Mais la recette que propose Dambisa Moyo pour mettre un terme à la pauvreté en Afrique est en totale opposition avec la pensée unique bienfaitrice relayée par les médias. Dambisa dénonce l’aide publique au développement et suggère une suppression totale des aides à destination de l’Afrique (sauf solidarité comme pour n’importe quel pays en cas de catastrophe naturelle). Les aides sont interprétées comme une vraie rente et n’incitent pas les gouvernements locaux à trouver des solutions pour insuffler une dynamique économique dans leur pays. Ce phénomène est illustré par la croissance des aides publiques des pays développés (1000 milliards de USD au cours des cinquante dernières années) et en même temps l’appauvrissement des pays d’Afrique (700 millions d’Africains vivent en dessous de 1 USD par jour, pire qu’il y a trente ans).

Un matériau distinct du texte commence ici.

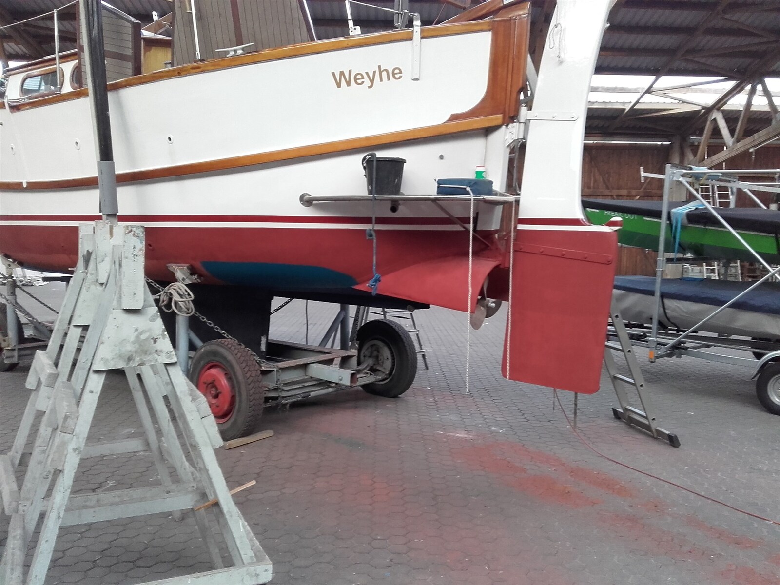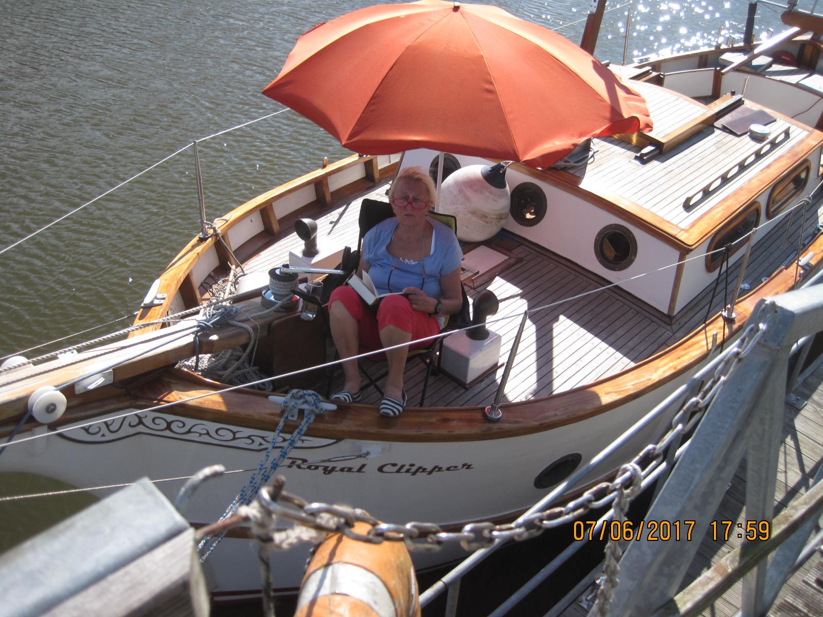 Motor Alarm, Anker (CQR 18kg), Waterdruk systeem, Elektrische kabelhaspel, 3 Accu's (1 davon neu in 2017), Afvoer systeem, Teak op gangboorden, Reserve propeller, Platform, Handmatige bilgepomp (38mm Bordwandeinbau), Teak in kuip, Handmatige ankerlier (Zweigang Lewmar 180mm), Staand want, Gangboord, Zwemtrap, Kuiptafel, Hoorn, 2 Lier, Boeglier.

Aide = pauvreté, libre marché = développement
La solution est alors d’en finir avec le protectionnisme et d’autoriser l’Afrique à participer de manière juste au commerce mondial. Comment faire ? Arrêter de subventionner nos économies à l’image de la PAC. Les pays Africains auront alors une chance d’échanger avec les pays développés et ainsi connaître la croissance économique. Mais où va l’aide publique ? Elle est victime de détournements et de corruption par l’élite politique locale. Mais elle participe à l’inflation (la masse monétaire augmente mais pas la production), l’épargne se trouve découragée, et les investisseurs privés étrangers évincés.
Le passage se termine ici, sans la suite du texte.